My good friend Mark posted today on his Dissonant Bible blog, and as always has left me with plenty to think about. Before you read this, visit him or my witterings will make even less sense than normal.
Read it ? (as the frog said)
Right, on we go then.
As you’ll have seen, Mark expands Jesus’s question to Simon the Pharisee so that it reads not just "Do you see this woman”
"Do you really see her? I don' t think you do - not as I see her, not as God [in whose image she is made, never forget] sees her. Because if you saw her as I do, there would be consequences that would turn your safe, religious world upside down and might just bring in the kingdom of God."
And that reminded me of the 2nd diocesan conference I attended, 3 years ago now. At the time, I was working as a charity administrator 3 days a week, running a bed and breakfast business, indulging in a spot of piano teaching, serving as a Reader in our benefice of 3 churches,- oh, and I was in the second year of ordination training. Getting to Swanwick was the nearest thing to a holiday I could see happening for a very long time…I was circling on my treadmill in true hamster fashion, and was certainly not generating much light in the process.

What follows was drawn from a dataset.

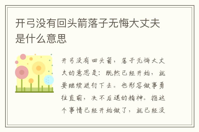 开弓没有回头箭落子无悔大丈夫的意思是:既然已经开始,就要继续进行下去。也形容做事勇往直前,决不后退的精神。指这个事情已经开始做了,就已经没有回头的余地了,就算是回头也会带同样大的损失,还不如拼死前进,无论胜败,不去回头。开弓:拉开了弓,射出了箭。

On the second day of the Conference, I was aware that a relationship with another delegate was beginning to become far too dominant to be manageable. Wherever I went, I seemed to bump into this person, who was friendly to the point of smothering, and it was driving me MAD. I found myself ducking into the ladies if she loomed in sight, and was pleased when I went into the main hall for the keynote speaker that day, to see that X was already settled, with no gaps anywhere near.
The speakers that morning were John and Olive Drane….and their talk touched places that nobody else had yet acknowledged during the conference. Olive has a ministry as a clown (now why is it that it’s only just struck me that 2 conferences running, the highlight of the planned programme for me has involved clowning…which I’ve always thought I disliked or feared? need to think about that, clearly…) and after sharing her own story via a moving series of dialogues with God, she invited anyone who wanted prayer to come and have a cross painted in grease-paint wherever felt right…
"Hands, forehead, eyes..." she suggested.
Can you imagine? A room full of Anglican clergy, mostly of a certain age (some clinging stubbornly to clerical black, despite the request that we dress informally while away) and a reasonable sprinkling of “approved” laity being invited to relate to a clown…in front of each other! There was a moment when it seemed that nobody would dare to move, but gradually people got to their feet. Some headed for the doors, but a long line began to form, and I found myself on the end of it. By the time I reached Olive, I knew what I wanted to pray about…
“I’m training for ministry…I have 3 children and too many jobs and I’m so busy I just can’t see the wood for the trees. Please paint the cross on my eyelids and ask God to help me focus on Him, the real purpose behind all this busy-ness”
Olive prayed, marked my eyelids, and I returned to my seat.
The session ended, and we trouped out for coffee. I did feel better…as if there was at least some possibility that I might survive the next few weeks at least. Perhaps I was getting some perspective? I decided to take my coffee outside. But, oh dear, there was X only a few yards away from me, and I’d definitely been seen. I went over , and as I approached, X dissolved into a pool of tears.
Only afterwards did I realise that I’d spent almost an hour there, listening, praying, being the sort of friend X had believed me to be. And the amazing thing? It felt entirely natural, right, unforced…I was able to love…to see the real person with all the pain and vulnerability exposed, and not the bundle of irritations that had preoccupied me before. God had heard my prayer for clearer vision, but had not answered it as I’d expected. Instead, God had lent me HIS eyes…for a while, I was able to see as He does. And yes, there were consequences.